Though it should come as no surprise to those of you who have endured my insufferable prose over the last few months, allow me make matters all the more translucent: I am not what you might call a "reader" of "books." You might think this a slight handicap in my line of work--as a "writer" of "words"--and in that thought you would be invariably correct. And while I will admit a certain respect for those with the patience to wade through volumes thick and fanciful, I don't envy them--as my crass lack of intellectual refinement allows me that much more time to read record reviews and listen to records. The rather frequent exception to the book rule, however, tends to surface when I have exhausted the information I can glean from record sleeves and the Internet--in which case I am prompted (read: forced) to indulge in nonfiction of the biographical variety.

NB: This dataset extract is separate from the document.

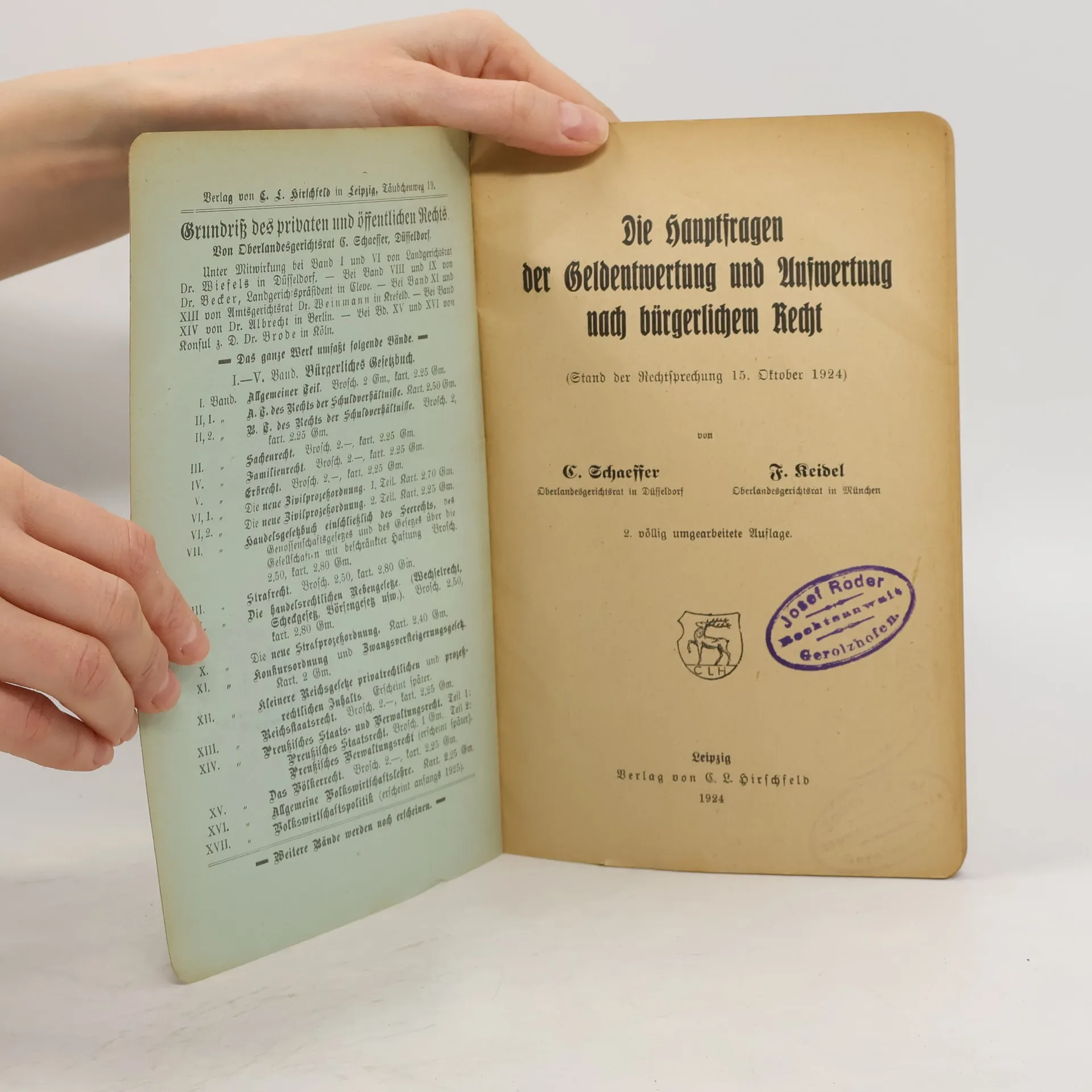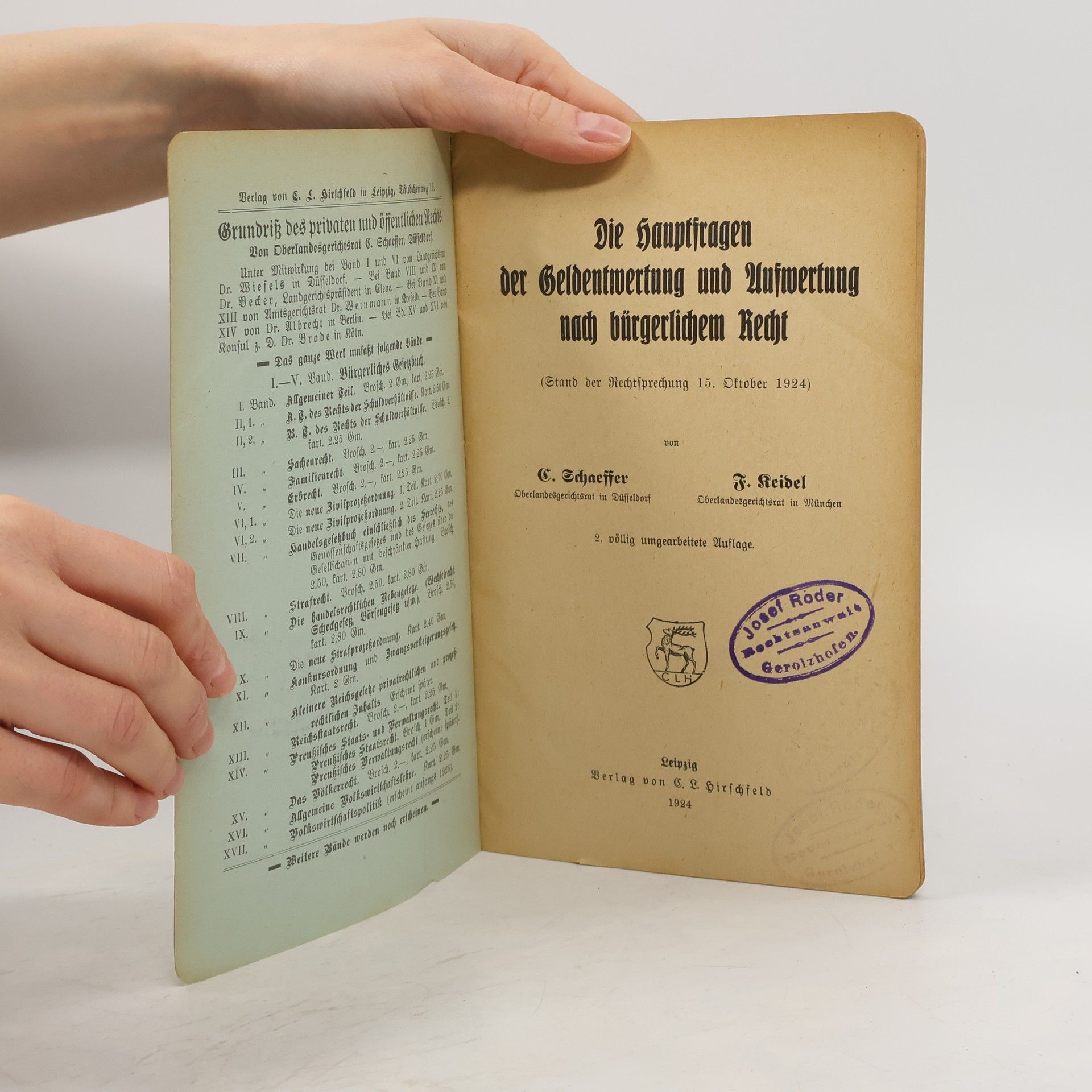 Die Hauptfragen der Geldentwertung und Aufwertung nach bürgerlichem Recht, Fritz Keidel, Carl Schaeffer
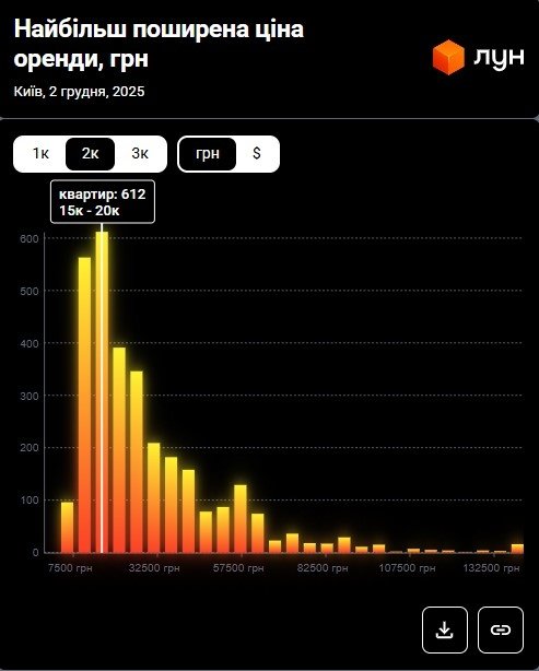 За даними ЛУН Статистика, станом на грудень 2025 року найбільш поширена ціна оренди двокімнатних квартир у Києві знаходиться в діапазоні 15 000 – 20 000 грн.

It was in this desperation that I initially approached the 33 1/3 series--a collection of novellas Continuum Books began publishing way back in 2003. The books--22 in all, written by a variety of journalists (Steve Matteo, Michaelangelo Matos, Douglas Wolk, Mercury contributor Mike McGonigal), musicians (the Decemberists' Colin Meloy, Pernice Brother Joe Pernice, Nothing Painted Blue's Franklin Bruno, etc. ) and other notables--are titled things like Sign 'O' the Times and Let It Be to correspond with albums of some great personal importance to their particular authors. Moved (for reasons evident) to pick up a copy of Pernice's Meat Is Murder last year, I was taken aback to find not a dutiful exploration of Andy Rourke's drug habit, nor an exhaustive list of studio techniques and sessions, but instead, a sappy work of (gulp) teenage Fiction. Despite my professed aversion to literature's form as a whole, the book was relatively engrossing, at least enough to compel me through it in the window of a few hours. Furthermore, it introduced me to 33 1/3's compelling potential: a sort of open-ended editorial philosophy that welcomes the biographical, autobiographical, fictional, or any amalgam of the lot. In doing so, the series quietly breathes some life into the world of music fanaticism--thoughtful explorations of the power of music that, in length alone, transcend some of the vain self congratulations of folks like Greil Marcus and Nick Hornby. Sure, there's a good deal of indulgence within, but propelled and consumed by a mercurial obsession with single, specific articles as they are, the works feel more like an explosion of sincere, humbled appreciation than anything else. As with any such series, the results vary widely--but at roughly 115 pages per volume, the investment is more often than not justifiable. Hell, I can even finish them--and that's saying something.

Colin Meloy, Michaelangelo Matos, Douglas Wolk, and Mike McGonigal read and discuss their contributions to the 33 1/3 series Monday, Jan 10th at Powell's on Burnside, 7:30 pm.